I think more people should go back to the barter system!!!!!

I get my accounts done for free - by me!

:thumb:


----------



## _daveR (Jun 3, 2008)

I run a one man band IT consultancy outfit. Currently paying my accountant £100pcm (+ vat) and for that they will do all of my VAT and Corp tax, plus my own personal return plus that of my partner (who is co secretary.)

They also supply me with a very useful excel sheet for invoices/bankings/expenses and it lets me estimate whats there as profit and what to leave for tax. 

I want to move to a smaller co for a more personal service though.
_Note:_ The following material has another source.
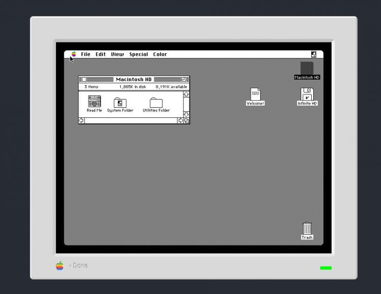 Zur Verfügung stehen System 1.0 von Januar 1984 bis zu Mac OS 9.0.4 aus 2000. Ihr könnt auch wählen, welches Mac-System Ihr simulieren wollt.

They aren't very forthcoming with ways to maximise the tax rules.


----------



## Jakedoodles (Jan 16, 2006)

I pay about £250 a year, but I'm not limited or VAT registered, so he's only got to do pretty basic stuff.


----------



## Mat430uk (Sep 17, 2007)

250 seems about right, if you’re a self employed not vat registered or limited we would charge the same if not a little less but not a great deal. 

However in response to DaveR i think that’s a little steep and if you want a more personal service and more than likely a slightly cheaper rate we would be more than happy to have a discussion. We are a family run firm currently with 15 employees and offer phone support and an open door policy, but as your from Berkshire the open door policy would not be much use lol !


----------



## _daveR (Jun 3, 2008)

Wonderdetail said:


> I pay about £250 a year, but I'm not limited or VAT registered, so he's only got to do pretty basic stuff.


Ah, I'll add that I'm Ltd and on the flat rate VAT scheme.


----------



## Mat430uk (Sep 17, 2007)

still be able to do something regarding price and personal touch, i gathered you where limited and vat registered


----------



## _daveR (Jun 3, 2008)

Mat430uk said:


> 250 seems about right, if you're a self employed not vat registered or limited we would charge the same if not a little less but not a great deal.
> 
> However in response to DaveR i think that's a little steep and if you want a more personal service and more than likely a slightly cheaper rate we would be more than happy to have a discussion. We are a family run firm currently with 15 employees and offer phone support and an open door policy, but as your from Berkshire the open door policy would not be much use lol !


I think that would be the sticking point mate. If I do switch then I would want someone I could pop into and see. I've only met my current lot once and everything else it by email!


----------



## Mat430uk (Sep 17, 2007)

I understand i would be the same !


----------



## chr15barn3s (Apr 10, 2007)

I pay £83 a month including VAT. Thats for a Limited, VAT Registered company.


----------



## Mat430uk (Sep 17, 2007)

chr15barn3s said:


> I pay £83 a month including VAT. Thats for a Limited, VAT Registered company.


what is it that you do ?


----------



## chr15barn3s (Apr 10, 2007)

Mat430uk said:


> what is it that you do ?


Freight Forwarding.


----------



## Naddy37 (Oct 27, 2005)

Wonderdetail said:


> I pay about £250 a year, but I'm not limited or VAT registered, so he's only got to do pretty basic stuff.


Roughly what I pay a year as well.


----------



## bluenose (Aug 15, 2007)

_daveR said:


> I run a one man band IT consultancy outfit. Currently paying my accountant £100pcm (+ vat) and for that they will do all of my VAT and Corp tax, plus my own personal return plus that of my partner (who is co secretary.)
> 
> They also supply me with a very useful excel sheet for invoices/bankings/expenses and it lets me estimate whats there as profit and what to leave for tax.
> 
> I want to move to a smaller co for a more personal service though. They aren't very forthcoming with ways to maximise the tax rules.


I'm exactly the same (IT consulting, VAT etc) though I pay £75 p/m (+VAT). Unfortunately I don't get the really useful spreadsheet! :wall:


----------



## Mat430uk (Sep 17, 2007)

seems expensive blue nose, your local to me lol


----------